▶ [Task item] Print only the lines from the top of the data through the line with "When used with", both included, skipping every picture.

▶ [Dataset excerpt]

= = = =

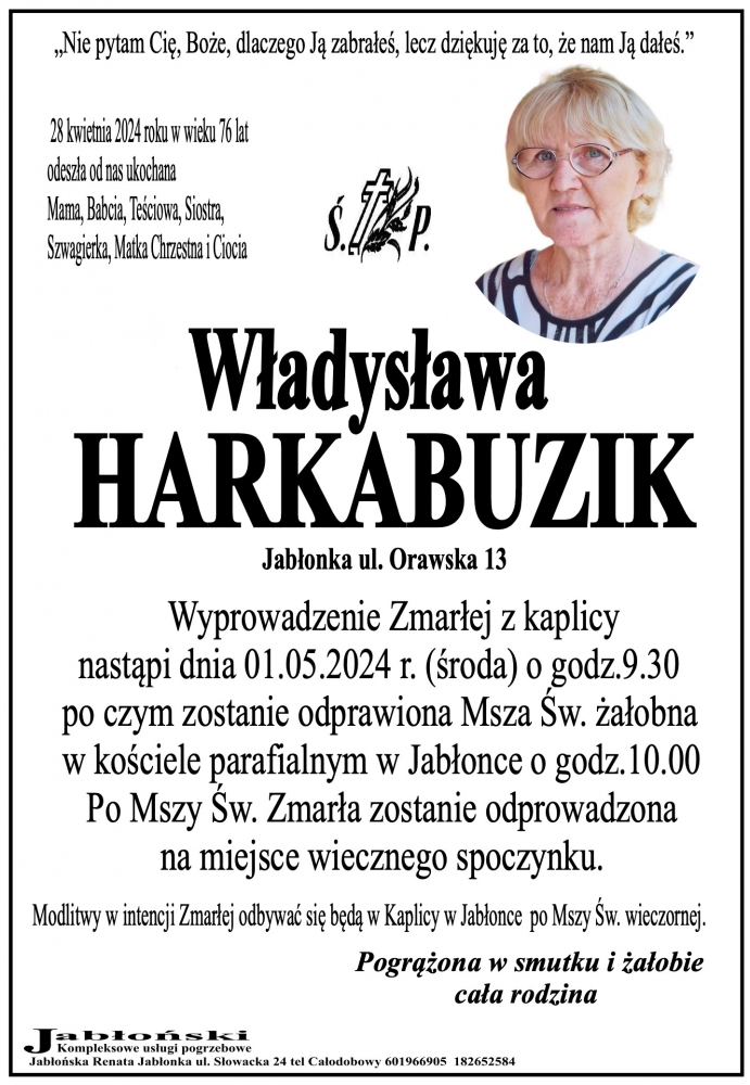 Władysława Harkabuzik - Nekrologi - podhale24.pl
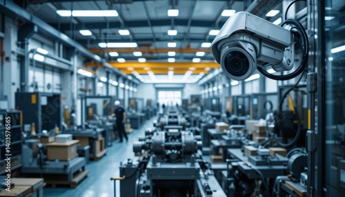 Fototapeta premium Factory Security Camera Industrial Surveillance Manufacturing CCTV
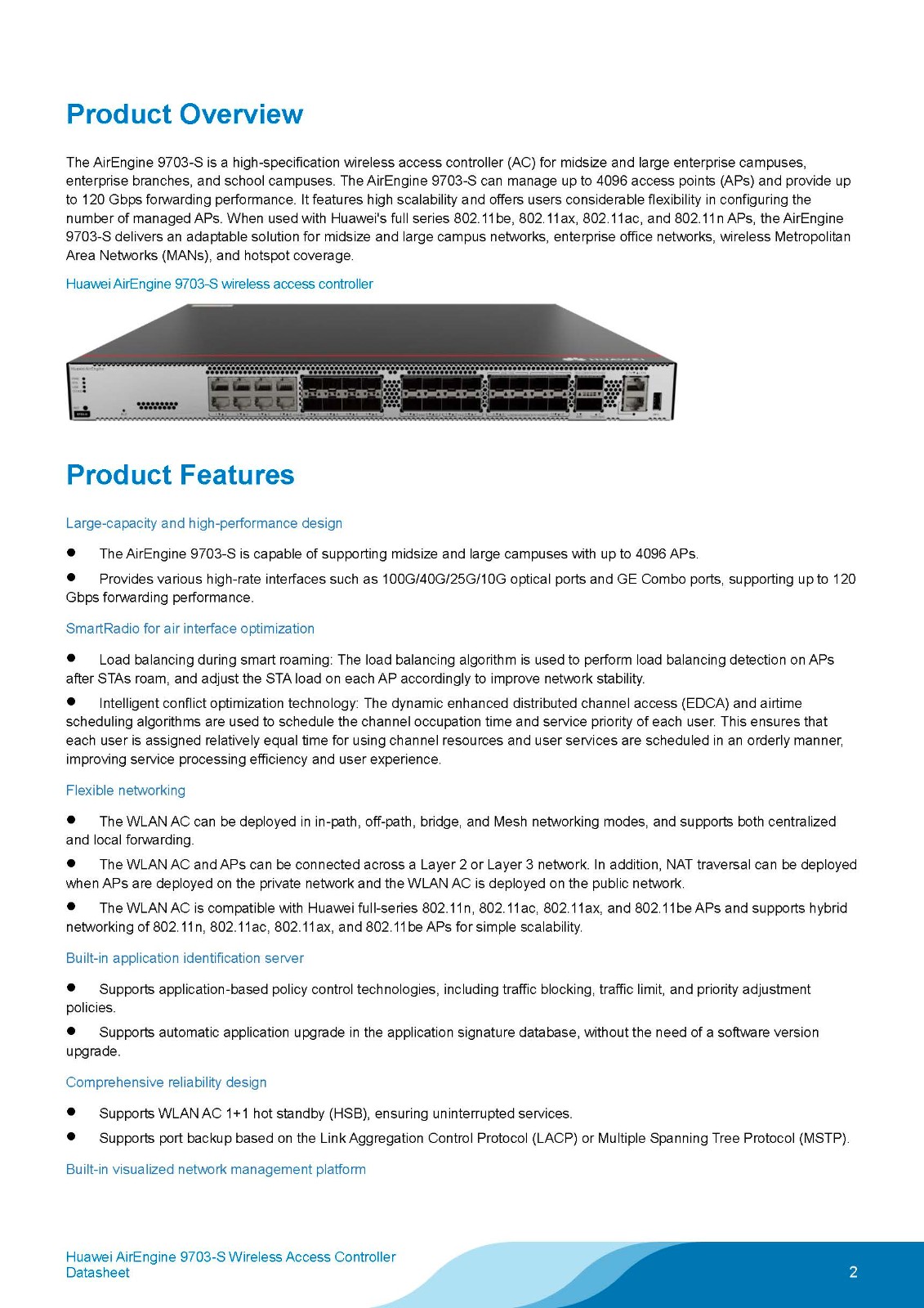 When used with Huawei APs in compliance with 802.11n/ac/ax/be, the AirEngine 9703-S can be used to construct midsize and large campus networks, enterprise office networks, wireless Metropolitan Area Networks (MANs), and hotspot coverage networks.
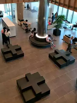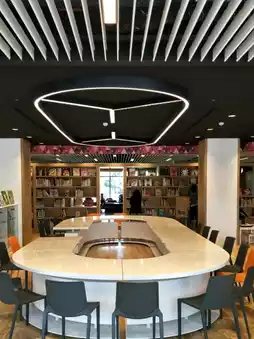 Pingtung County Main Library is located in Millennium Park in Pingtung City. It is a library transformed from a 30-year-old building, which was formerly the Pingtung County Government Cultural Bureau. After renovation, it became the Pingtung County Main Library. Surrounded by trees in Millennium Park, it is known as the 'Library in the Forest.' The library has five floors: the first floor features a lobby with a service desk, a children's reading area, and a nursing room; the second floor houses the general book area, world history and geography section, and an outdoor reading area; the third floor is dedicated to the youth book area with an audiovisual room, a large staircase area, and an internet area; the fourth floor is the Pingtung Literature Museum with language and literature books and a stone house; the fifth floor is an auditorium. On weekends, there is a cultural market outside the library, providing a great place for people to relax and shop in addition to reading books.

= = = =

▶ [Output below]
 Władysława Harkabuzik - Nekrologi - podhale24.pl
 Fototapeta premium Factory Security Camera Industrial Surveillance Manufacturing CCTV
 When used with Huawei APs in compliance with 802.11n/ac/ax/be, the AirEngine 9703-S can be used to construct midsize and large campus networks, enterprise office networks, wireless Metropolitan Area Networks (MANs), and hotspot coverage networks.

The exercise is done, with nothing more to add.